# A question about Bertini's theorem from Griffiths-Harris

A divisor $D$ is an element of the quotient sheaf $\mathcal{R^*}/\mathcal{O^*}$ on a compact complex manifold $X$. They can be also thought of via valuations as formal sums of hypersurfaces.

A complete linear system $\mathcal{L}(D)$ is defined to be all positive divisors equivalent to $D$. These are bijective with the subspace of meromorphic functions $f$ such that $(f)+D\geq0$. This is bijective with $\mathbb{P}(H^0(X,[D]))$ (Holomorphic sections of the line bundle corresponding to D). A linear system is a subset of $\mathcal{L}(D)$ corresponding to a subspace of either of the last two sets.

The base locus of such a system of positive divisors is the set of divisors which occur in all the divisors in the system.

Bertini's theorem states that the generic element of a linear system is smooth away from the base locus of the system. This means that on a dense open set in the vector spaces above, the corresponding divisors are non-singular away from the base locus.

How do I use this to prove the more familiar fact that given a submanifold $M$ of some $\mathbb{P}^N$, there is a hyperplane $H=\mathbb{P}^{N-1}$ with $H\cap M$ non singular.

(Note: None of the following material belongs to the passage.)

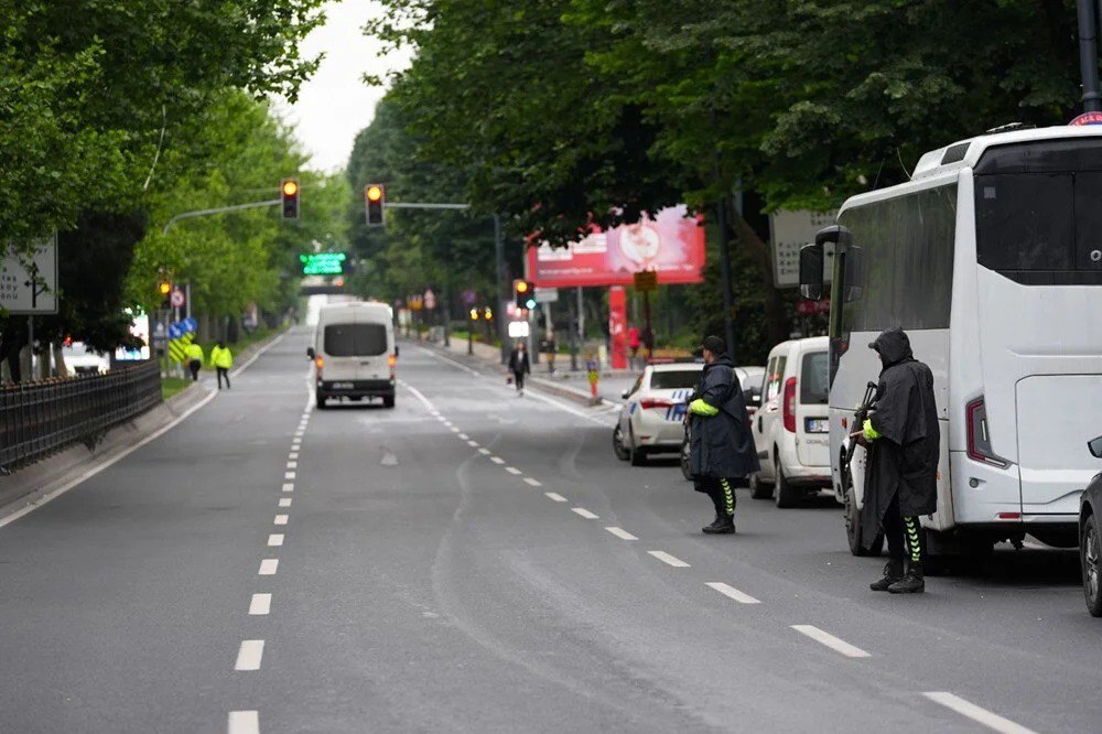 Saraçhane'nin çevresindeki yollar trafiğe kapatılırken, araçlar trafik polislerince alternatif güzergahlara yönlendiriliyor.

I hope someone can make some suggestions on how to proceed.

• This is an easier case of Bertini. I suggest you look the proof in Hartshorne. The more difficult version is that a general hyperplane section of a such an $M$ possibly singular, but irreducible with $\dim M\geq 2$ is still irreducible. This proof is not in Hartshorne. Nov 16, 2016 at 1:09
• My linear reading of Hartshorne has not got me that far yet. I will look at that proof in the future. But I want to avoid that since it's stated this way in Griffiths-Harris (page 162). Nov 16, 2016 at 16:02
• If you are willing to use your version, just use the fact that the linear system of hyperplanes have base locus empty. Nov 16, 2016 at 16:10
• So look at $\mathcal{L}(H_0)$ assuming $M$ is not in $H_0$, (To conclude that $H_0\cap M$ is a divisor in M, I would need Chow's thoerem to show M is algebraic and then use some dimension theorem?) then note that the divisors $(\frac{x_i}{x_0})+H_0$ are in here with base locus empty? Then use G-H Bertini to say that some divisor $(a_0\frac{x_0}{x_0}+a_1\frac{x_1}{x_0}+...+a_n\frac{x_n}{x_0})+H_0$ is smooth? This corresponds to the intersection of a hyperplane with $M$? Is this ok? Nov 16, 2016 at 18:15
• @Mohan Would I really have to assume $M$ is algebraic? G-H don't. Another way to show this is codimension $1$ is to show the intersection is transversal. But If I had this, smoothness comes for free. Nov 16, 2016 at 18:18

## 1 Answer

This is just paraphrasing Hartshorne's proof. Look at the hyperplanes tangential at a point p∈M. This is a codimension N−dimM−1 linear subspace in the dual space $\mathbb{P}^{N∗}$. So, as p varies, it sweeps out a subvariety of the dual space of dimension at most N−1. So, general hyperplane is transversal at every point of M.